2) Material according to claim 1, characterized in that the methacrylic material (co) polymer (a) consists, by weight, of 51 to 100%, preferably from 80 to 99% of units derived from the methyl methacrylate monomer and from 0 to 49%, preferably 1 to 20% by weight of units derived from monoethylenically unsaturated comonomers copolymerizable with methyl methacrylate.

3) Material according to claim 2, characterized in that the comonomer (s) with monoethylenic unsaturation are chosen from acrylic, methacrylic and vinylaromatic monomers.

4) Material according to one of claims 1 to 3, characterized in that the compound (b) is chlorinated polyphosphonate.

5) Material according to one of claims 1 to 4, characterized in that the compound (c) is a tris phosphate (haloalkyl) in which the halogen is chlorine or bromine and the alkyl group a from 1 to 4 carbon atoms.

6) Material according to one of claims 1 to 5, characterized in that it further comprises particles of at least one compound diffusing organic or mineral light (e).

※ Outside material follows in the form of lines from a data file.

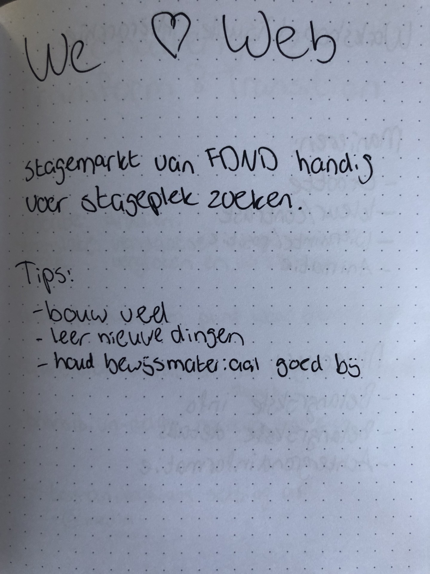 We ♥ Web: Korte presentatie van oud-student over zijn ervaringen tijdens en na de opleiding. (Aantekeningen)
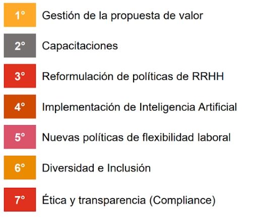 Las áreas de foco para Recursos Humanos en 2025 incluyen la gestión de la propuesta de valor, la implementación de políticas de flexibilidad laboral y el fortalecimiento de las estrategias de diversidad e inclusión. Además, se observa un creciente interés en la incorporación de inteligencia artificial para optimizar procesos internos y mejorar la experiencia del colaborador.
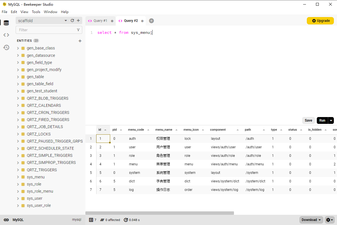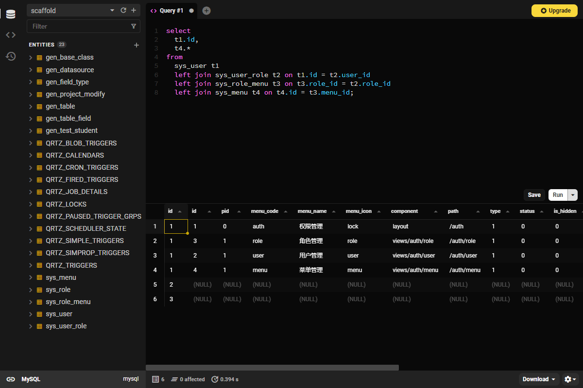 5、右侧可以添加多个查询会话,SQL 编辑器提供了表名和字段名的字段补全功能,编写完成之后,点击 Run 按钮运行查询
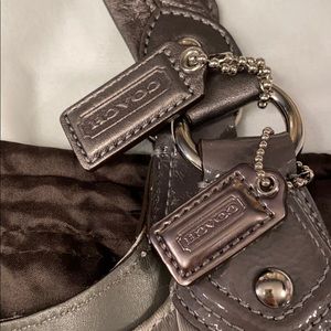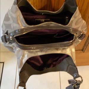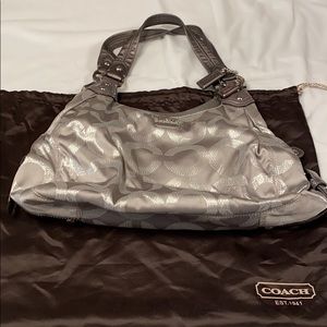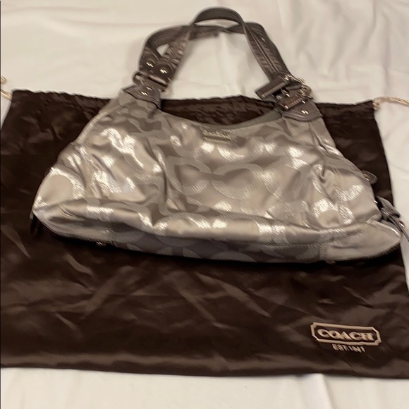 Beautiful silver Coach bag with many compartments inside.New Without tags NWOT and it comes with its dust bag
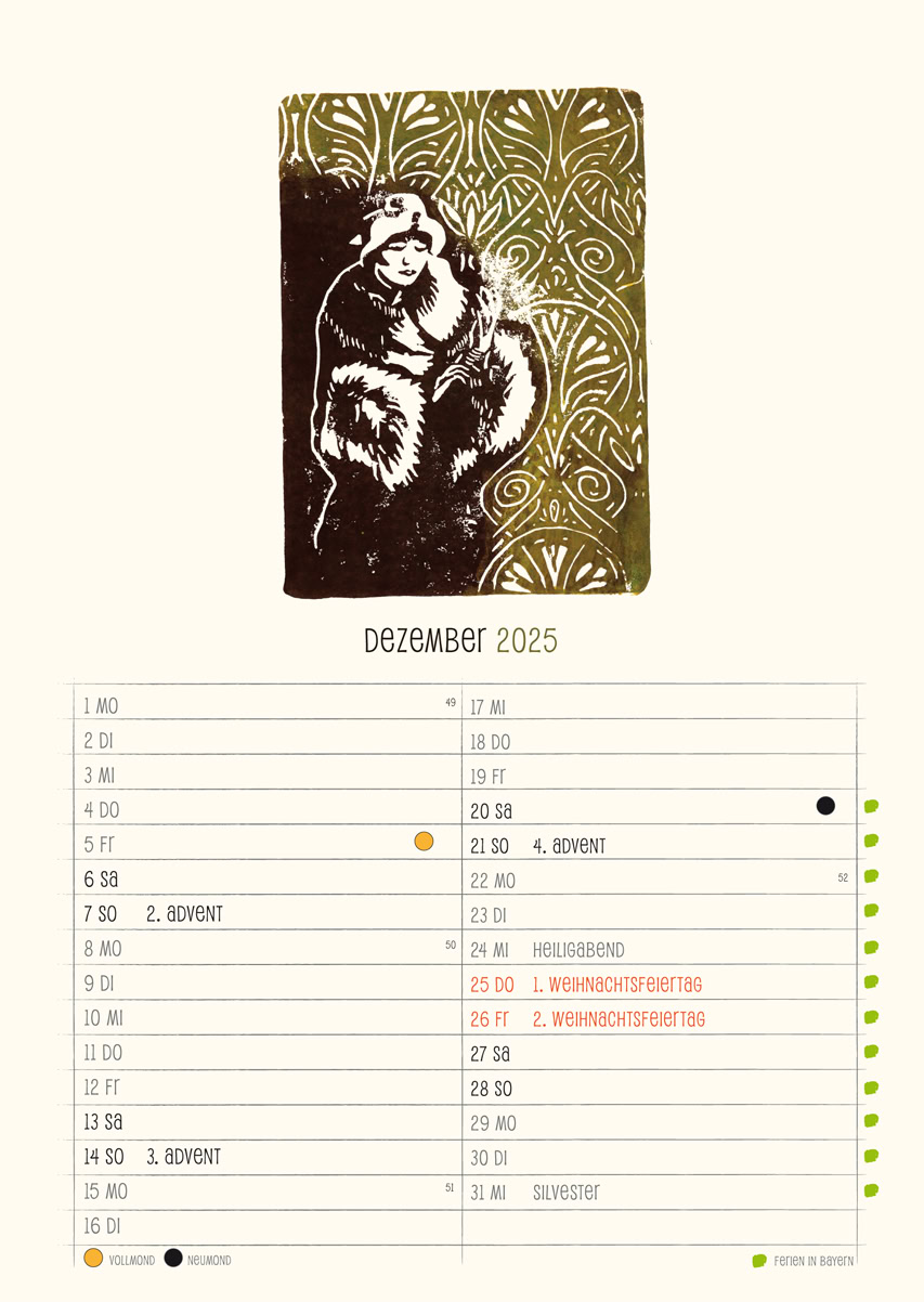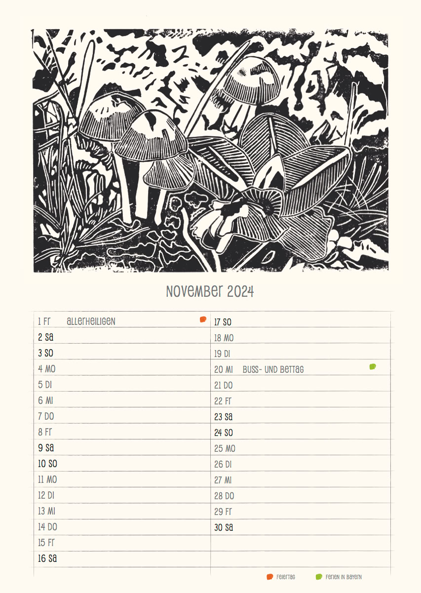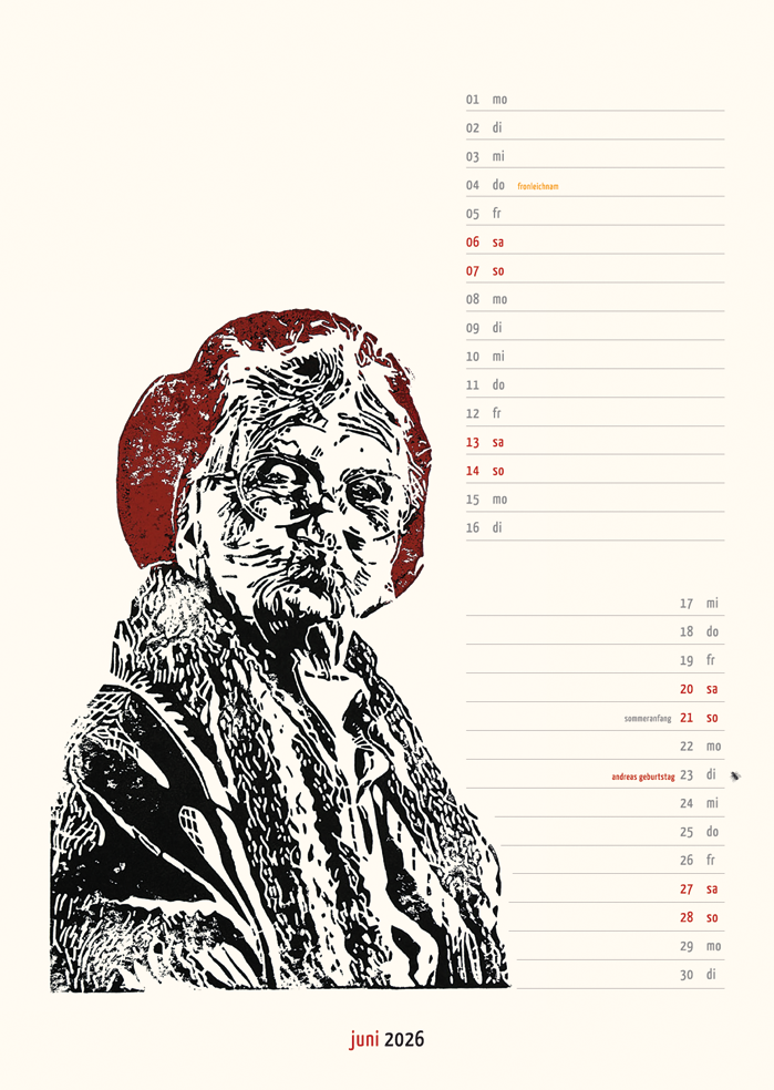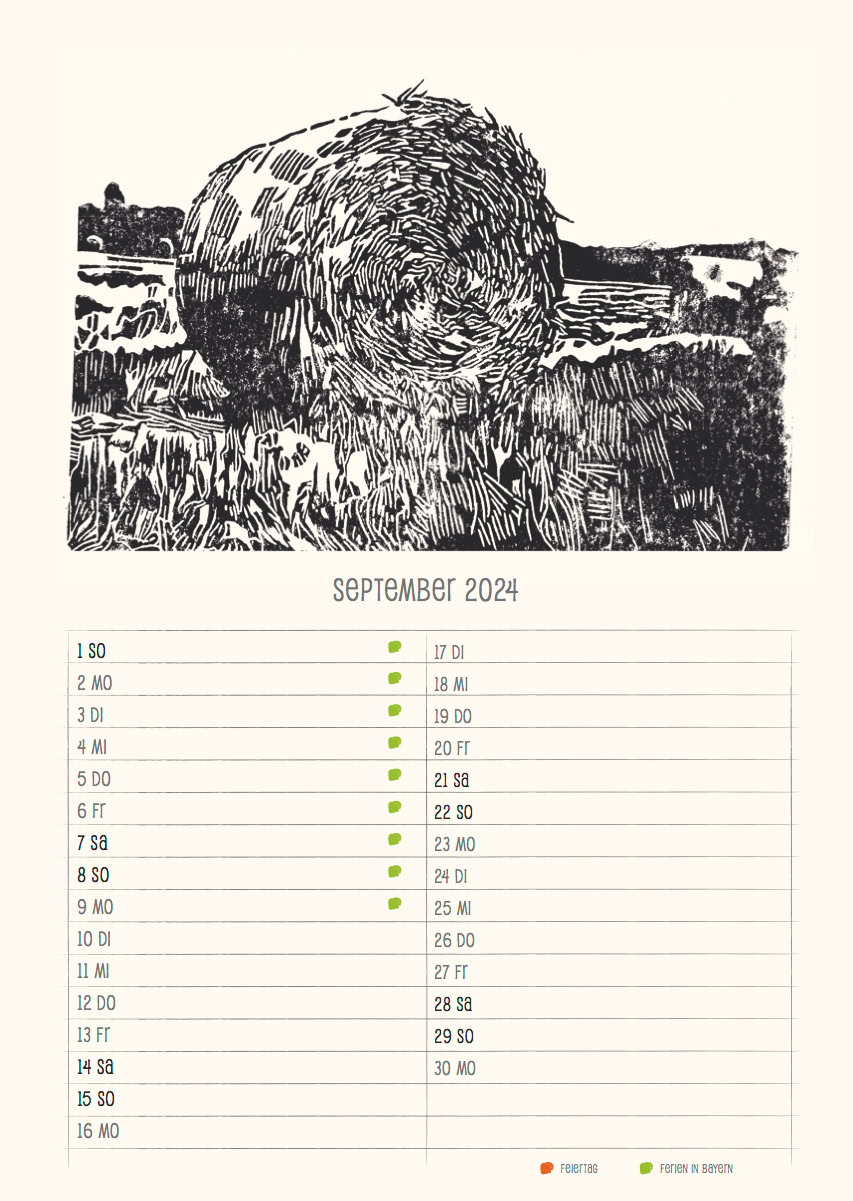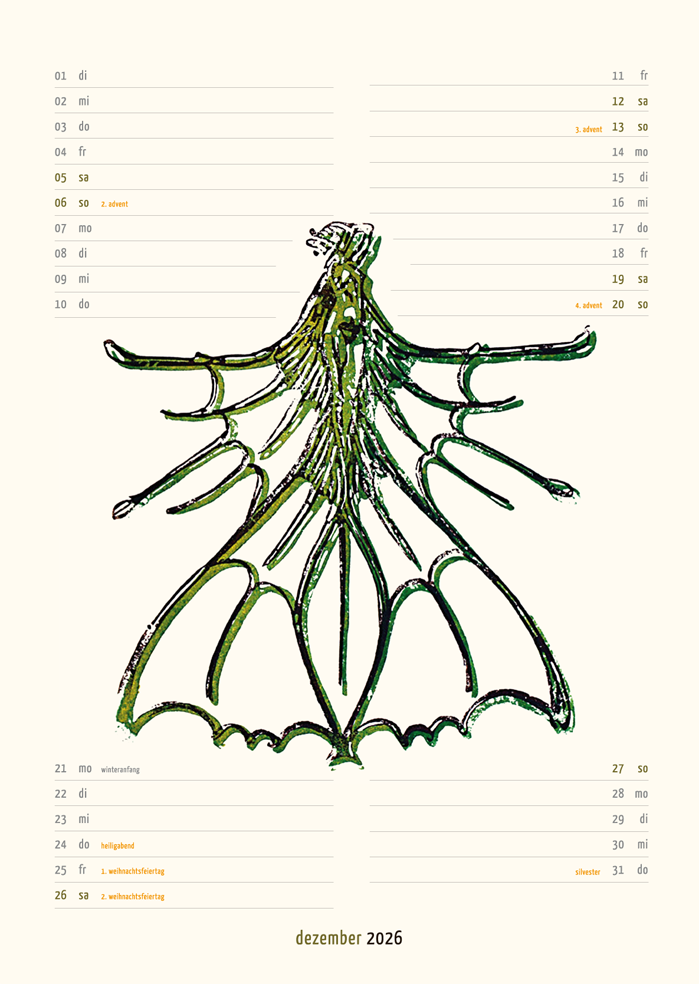 jedes jahr ein neuer kalender mit motiven aus unserem arbeitszyklus.
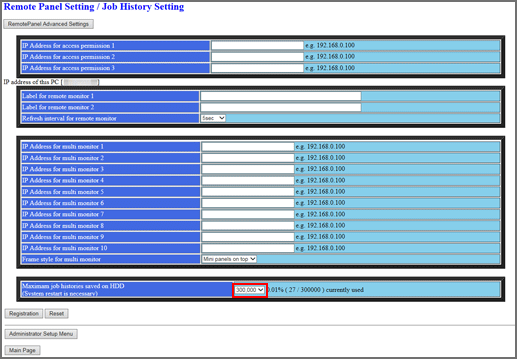 Cliquez sur Remote Panel Setting/Job History Setting.
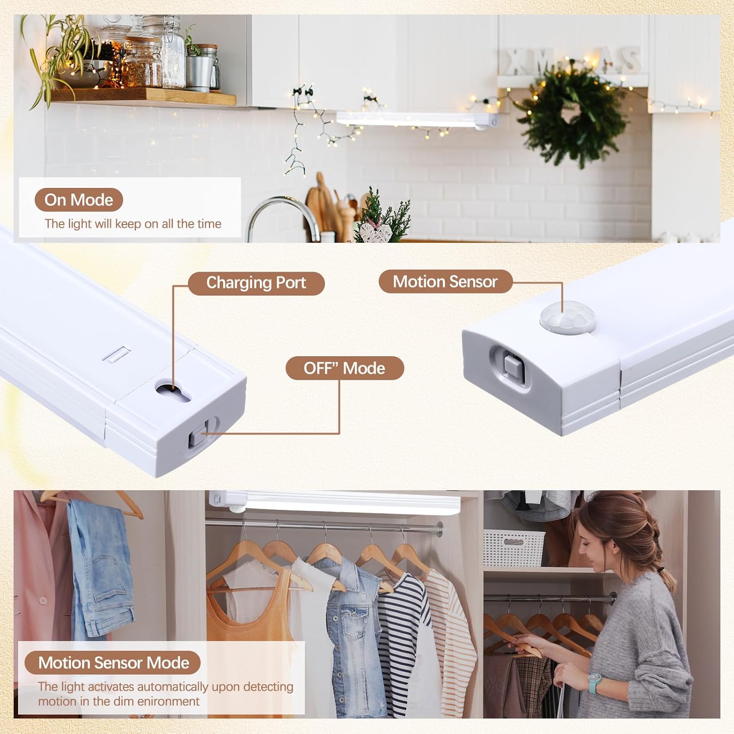 Illuminate Your House: designed with white LED lights, the movement sensor closet gentle rechargeable supplies comfortable but highly effective sufficient brightness, making certain you’ll not stumble at midnight; The charming white glow they emit enhances your room’s general visibility with out straining your eyes, making your area cozier and extra inviting
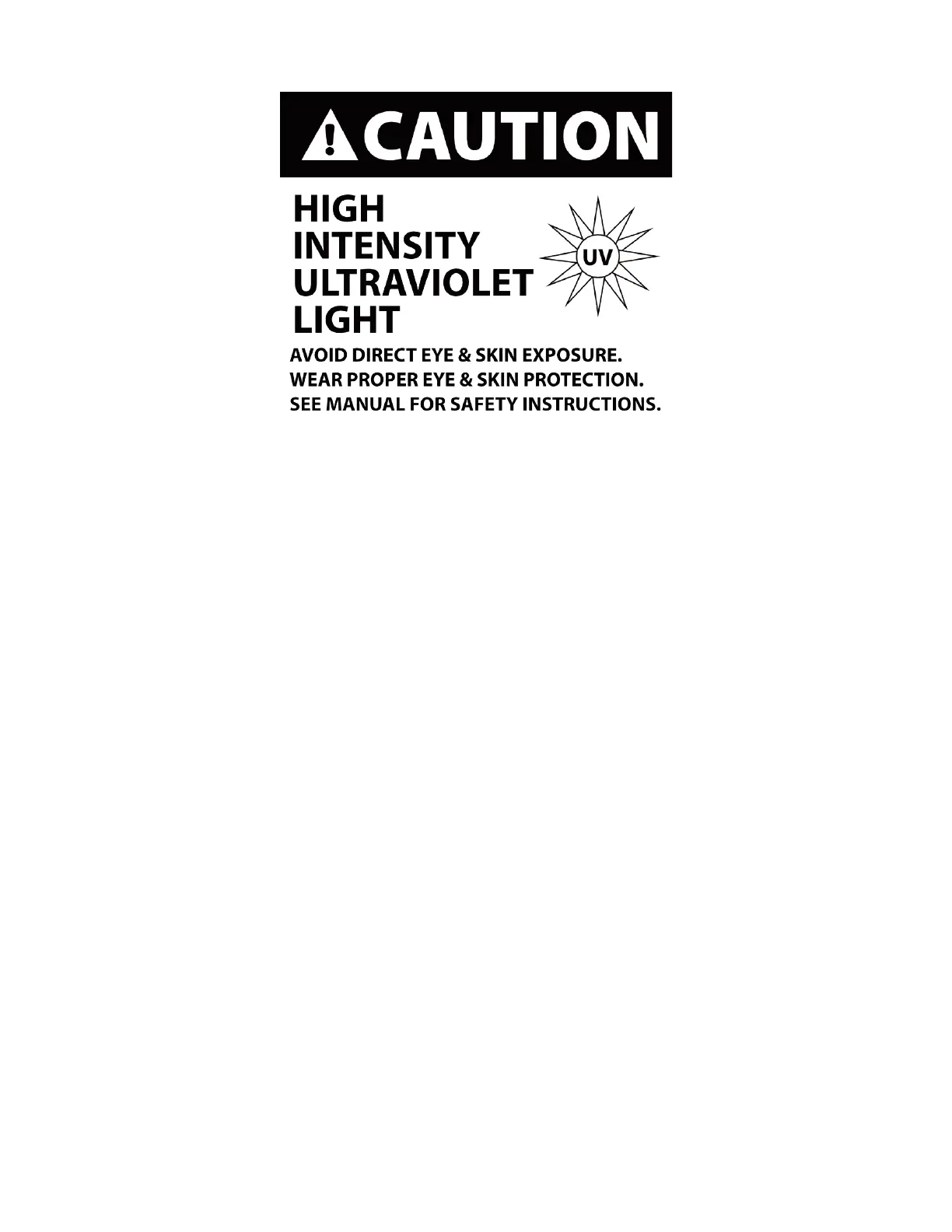 DO NOT LOOK DIRECTLY INTO THE UV LIGHT AND/OR VIEW UV LIGHT DIRECTLY WITH

7) Material according to one of claims 1 to 6, characterized in that it further comprises at least one impact-enhancing compound (d).

8) Material according to one of claims 1 to 7, characterized in that it is in the form of granules or pearls.

9) Material according to one of claims 1 to 7, characterized in that it is in the form of a plate. 10) Material according to claim 9, characterized in that the plate has a thickness between 2 and 30 mm, preferably between 3 and 15 mm and very particularly between 3 and 8 mm.

11) A method of manufacturing methacrylic polymer material according to one of claims 1 to 8, in the form of beads or granules by hot mixing of at least the material (co) polymer methacrylic (a), of compound (b) and of compound (c) and optionally compounds (d) and (e).

12) Process for manufacturing methacrylic polymer material according to one of claims 1 to 7, 9 and 10, in the form of a plate, by radical polymerization of a polymerizable methacrylic composition comprising a polymerizable element to form the (co) polymerizable methacrylic material (a), at least one compound (b) and at least one compound (c) and optionally the compounds (d) and (e), this polymerizable methacrylic composition being placed in a mold formed by two mineral glass plates separated by a joint, according to the so-called casting process. 13) A method of manufacturing methacrylic polymer material according to claim

12, wherein the polymerizable methacrylic composition comprises a polymerizable element consisting of 51 to 100%, preferably 80 to 99% by weight of methyl methacrylate component and 0 to 49%, preferably 1 to 20% by weight of comonomer (s) with monoethylenic unsaturation copolymerizable (s) with methyl methacrylate and optionally a polyfunctional polymerization agent, a polymerization initiator, a chain transfer agent, a release agent, an oxidizing agent.

14) Shaped article obtained by extrusion, injection or compression of a polymeric material according to claim 8.